An example netlist (example/saa.v) and instrumented flip flop models for the NangateOpenCellLibrary (lib/NANGATE/DFF_X1_flt.vhd) are provided. The next section explains how to obtain an Vivado compatible emulation model.

Obtaining a Vivado Compatible Model of the NangateOpenCellLibrary

The NangateOpenCellLibrary can obtained from NangateOpenCellLibrary.
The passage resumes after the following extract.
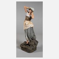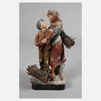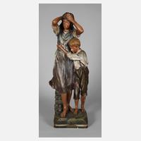 um 1900, unsigniert und ungemarkt, Terrakotta farbig bemalt, auf Felsensockel stehende junge Frau und nebenher schreitender Knabe in Tracht, beim Tragen verschiedener, teils auf dem Kopf balancierender Krüge, Körbe und Netze, die drei größeren Gefäße zum Befüllen als Hohlkörper gestaltet, ein Korbrand minimalst gechipt, sonst fachmännisch restaurierter Zustand, H 58 cm.

A VHDL model is located at Front_End/Vital/. To remove VITAL contructs incompatible with Vivado from NangateOpenCellLibrary.vhd the script located at scripts/strip_nangate.py can be used like this: python3 scripts/strip_nangate.py -i <Path-to-NangateOpenCellLibrary.vhd> -o <Path-to-Output>

Instrumentation

In the examples directory a simple processor design as well as a modified model of the NangateOpenCellLibrary is provided.

To modify the sample design run the following commands: bash mkdir output python3 openfi4asic.py \ -i examples/saa.v \ -c DFF_X1,DFF_X2 \ --top saa \ -l examples/library_information.json \ -o output \ --selected examples/saa_inject_modules.csv \ --excluded examples/saa_exclude_modules.csv

This will generate the two files output/saa_flt.v containing the modified netlist with instrumented flip-flops connected by a scan-chain and output/scan_chain_architecture.json describing where on the scan-chain each instrumented flip-flop is located.

Emulation on FPGA

The fault-emulation environment was developed and tested on a Digilent Zedboard, containing a Xilinx Zynq-7000 SoC-FPGA. Communication, initialization and sequecing are handled by a C program running the on the SoC.

A variety of AXI peripherals were developed to perform the necessary operations like clock-gating and reading or writing from the processor memories.

An example Vivado project implemeting the complete system is provided under runtime/vivado/OpenFI4ASICSystem.

An example C program, which injects a fault into each flip-flop of the design in each cycle of program execution is provided under runtime/sw.

Contributors

• Jasper Homann (Technische Universität Braunschweig, Chair for Chip Design for Embedded Computing)
• Eike Trumann (Technische Universität Braunschweig, Chair for Chip Design for Embedded Computing)
• Lucian Lohse (Technische Universität Braunschweig, Chair for Chip Design for Embedded Computing)
• Moritz Weißbrich (Technische Universität Braunschweig, Chair for Chip Design for Embedded Computing)
• Christian Ewert (During his master thesis at Leibniz Universität Hannover, Institut für Mikroelektronische Systeme)
• Guillermo Payá Vayá ((Technische Universität Braunschweig, Head of Chair for Chip Design for Embedded Computing))

License

This open-source project is distributed under the MIT license.

Citation

[1] R. Nowosielski, L. Gerlach, S. Bieband, G. Paya-Vaya, and H. Blume, “FLINT: Layout-oriented FPGA-based methodology for fault tolerant ASIC design,” Proceedings - Design, Automation and Test in Europe, DATE, vol. 2015-April, pp. 297–300, Apr. 2015, doi: 10.7873/DATE.2015.0278.

A paper featuring with the new features is in progress. In the meantime please cite this repository and the above paper.